__EXERCISE PROMPT__. Only the lines from the beginning of the data through the line holding "Das Objektiv befindet" belong in the answer, printed exactly and without pictures.

[Records from a data collection]
###
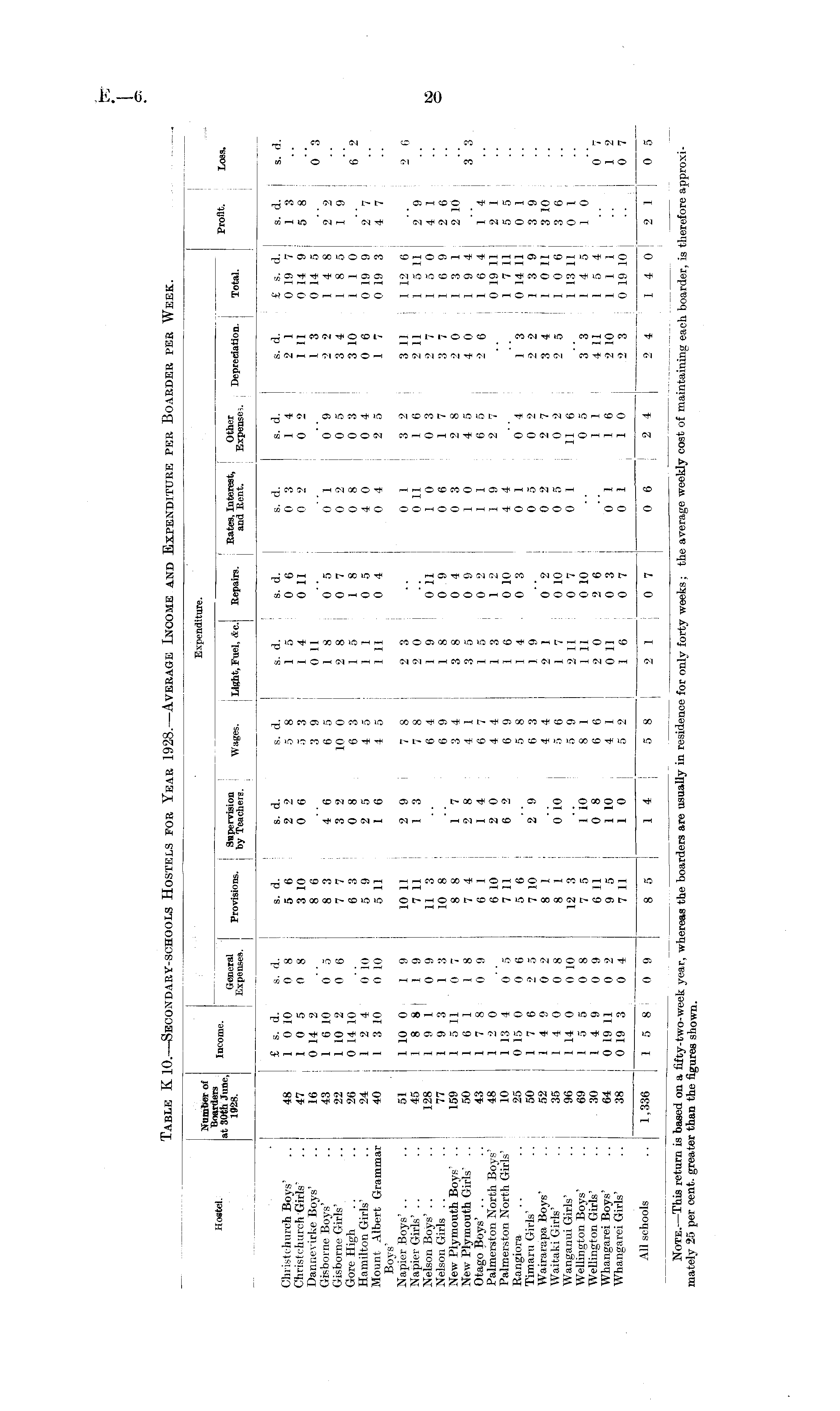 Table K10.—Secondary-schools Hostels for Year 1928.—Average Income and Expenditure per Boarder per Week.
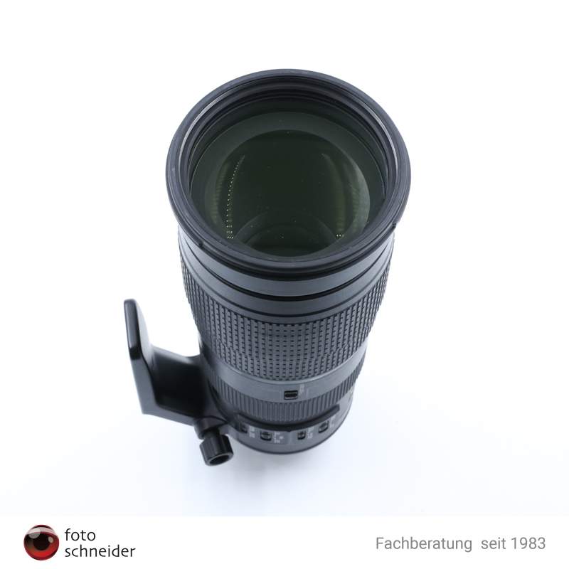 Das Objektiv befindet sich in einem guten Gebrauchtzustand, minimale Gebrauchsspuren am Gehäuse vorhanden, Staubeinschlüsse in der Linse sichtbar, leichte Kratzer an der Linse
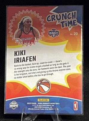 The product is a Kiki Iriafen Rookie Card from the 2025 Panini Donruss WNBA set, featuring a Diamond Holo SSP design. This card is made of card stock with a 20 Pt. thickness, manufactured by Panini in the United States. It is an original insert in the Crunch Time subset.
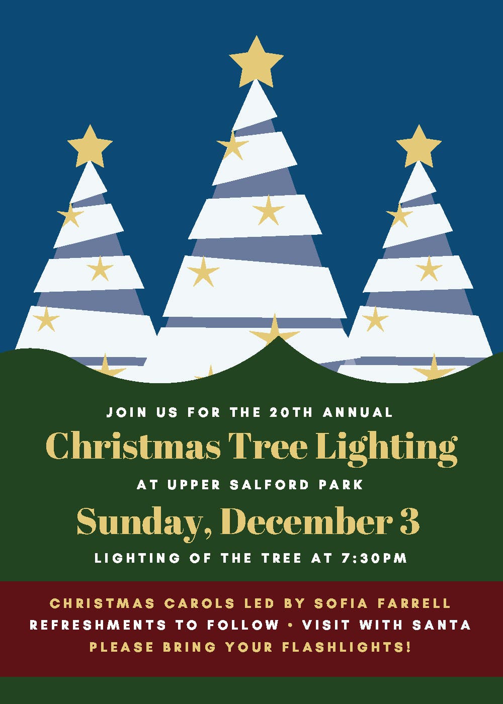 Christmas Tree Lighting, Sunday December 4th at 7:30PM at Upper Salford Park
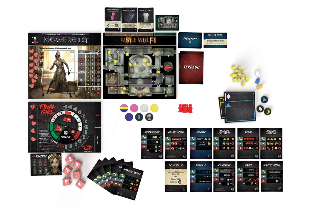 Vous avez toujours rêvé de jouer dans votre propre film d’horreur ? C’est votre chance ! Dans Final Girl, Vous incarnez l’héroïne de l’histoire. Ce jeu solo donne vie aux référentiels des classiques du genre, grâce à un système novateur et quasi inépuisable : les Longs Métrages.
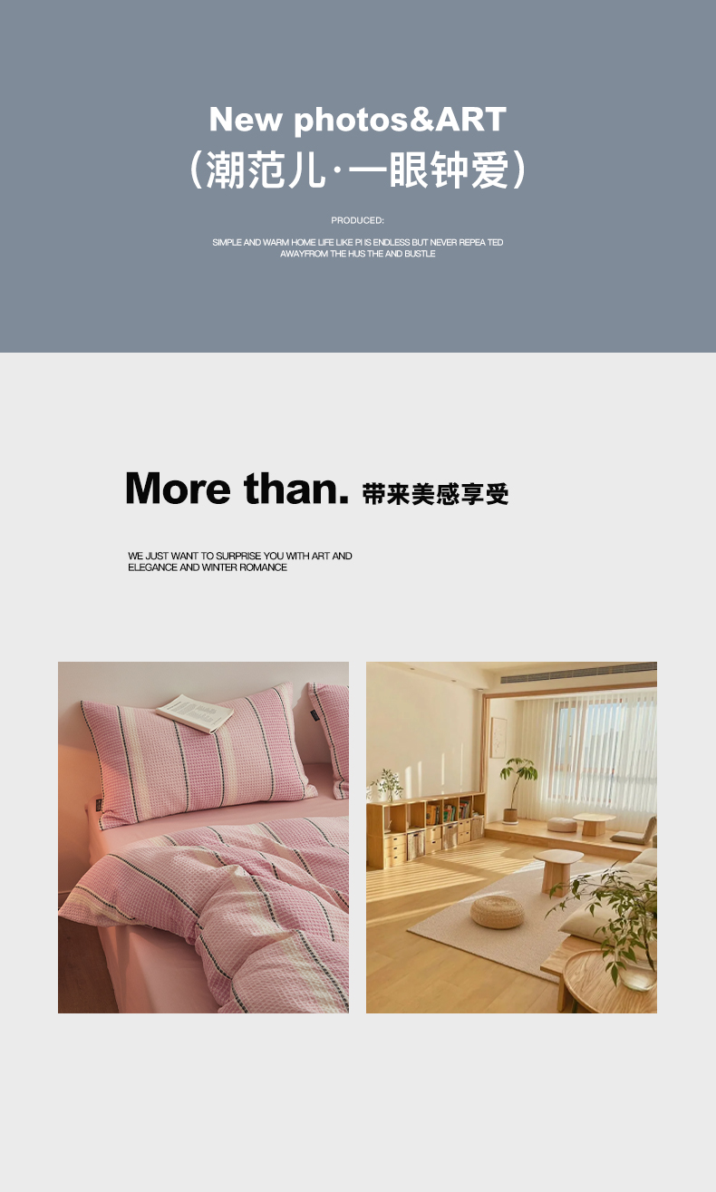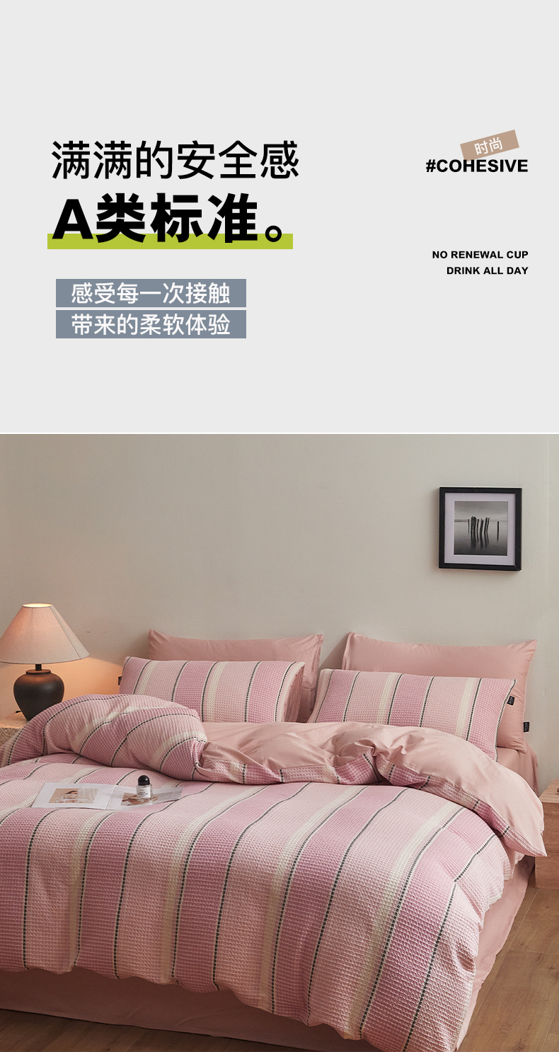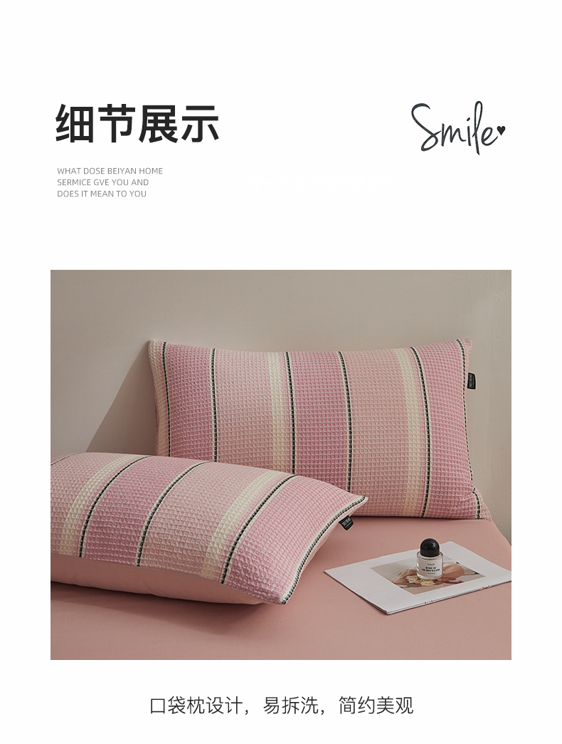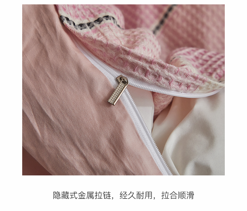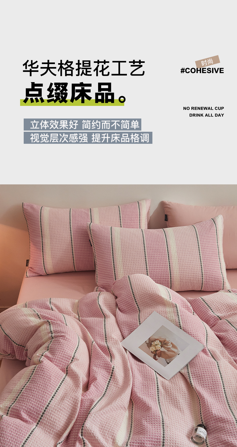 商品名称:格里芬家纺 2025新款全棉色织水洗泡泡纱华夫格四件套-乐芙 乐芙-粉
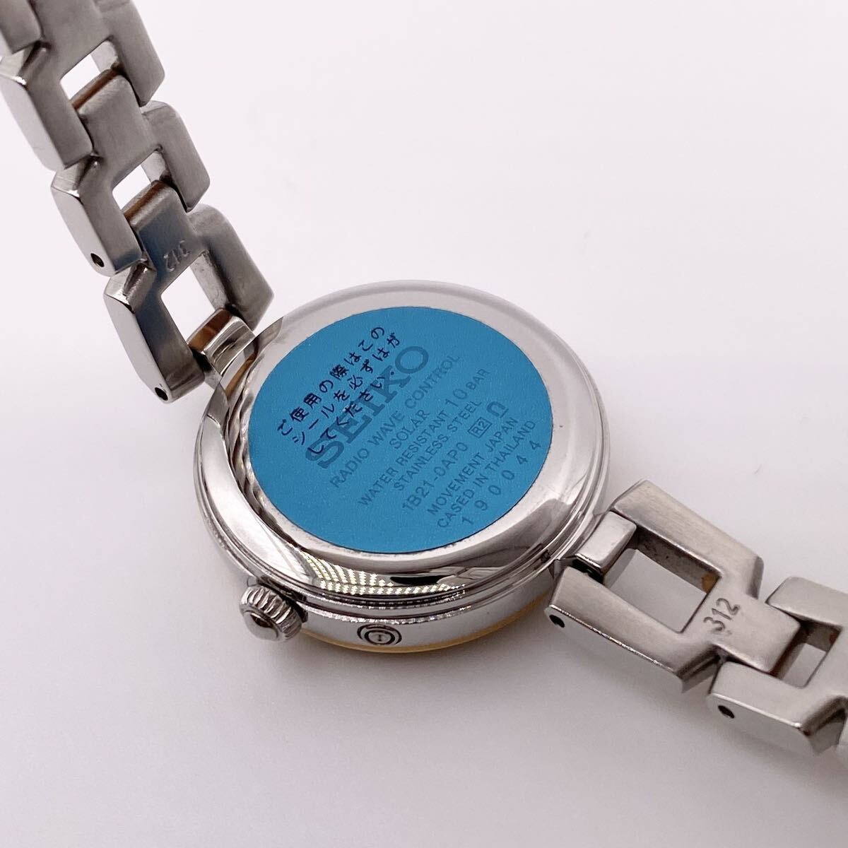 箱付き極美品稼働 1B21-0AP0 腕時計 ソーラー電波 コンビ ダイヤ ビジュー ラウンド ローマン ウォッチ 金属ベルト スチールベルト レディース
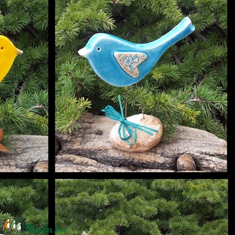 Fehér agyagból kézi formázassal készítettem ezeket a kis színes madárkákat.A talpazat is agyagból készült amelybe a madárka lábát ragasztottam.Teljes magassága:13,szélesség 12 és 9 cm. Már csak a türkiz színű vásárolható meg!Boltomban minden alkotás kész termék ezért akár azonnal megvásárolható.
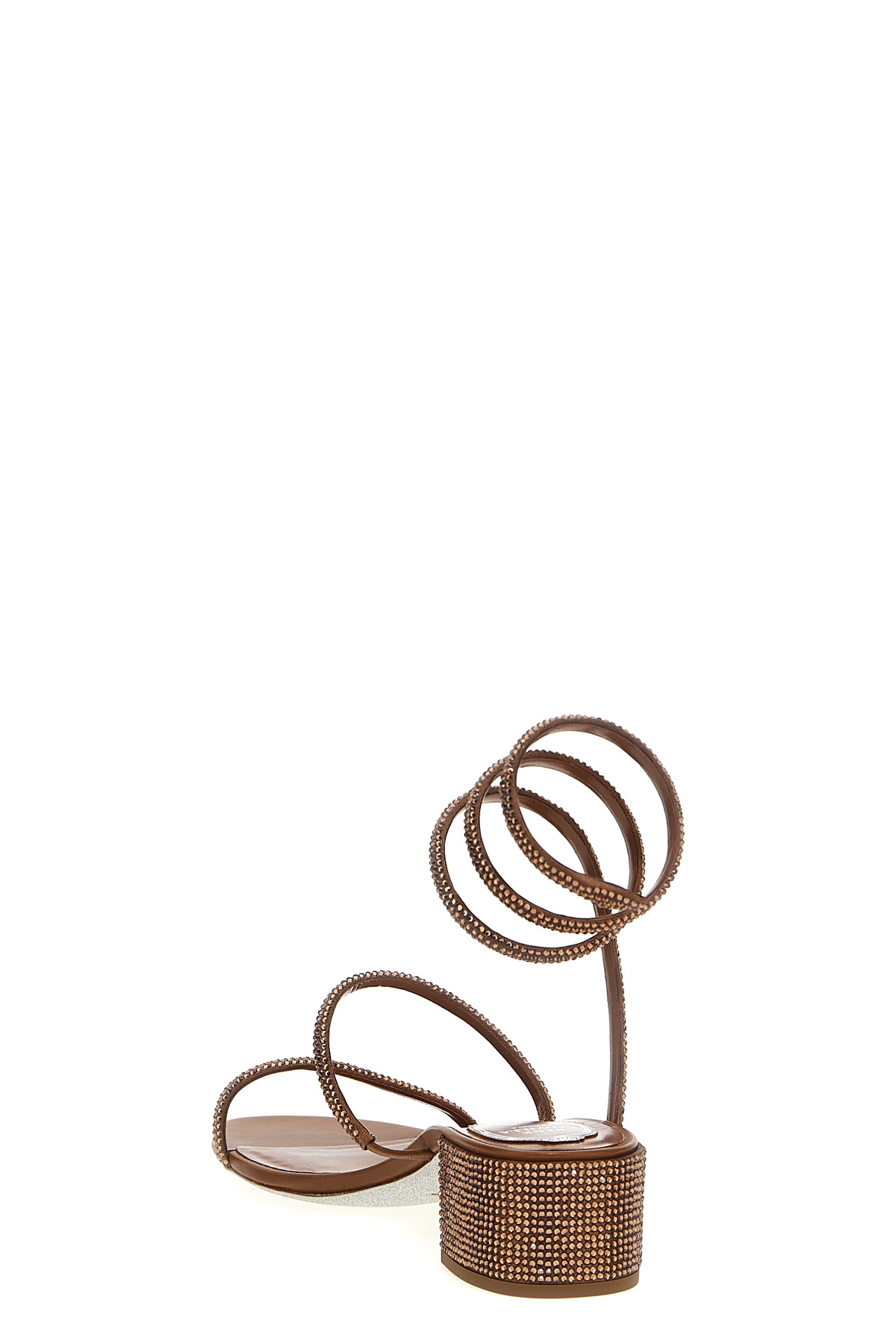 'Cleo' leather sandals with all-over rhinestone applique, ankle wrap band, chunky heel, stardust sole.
###
__YOUR RESPONSE__.
 Table K10.—Secondary-schools Hostels for Year 1928.—Average Income and Expenditure per Boarder per Week.
 Das Objektiv befindet sich in einem guten Gebrauchtzustand, minimale Gebrauchsspuren am Gehäuse vorhanden, Staubeinschlüsse in der Linse sichtbar, leichte Kratzer an der Linse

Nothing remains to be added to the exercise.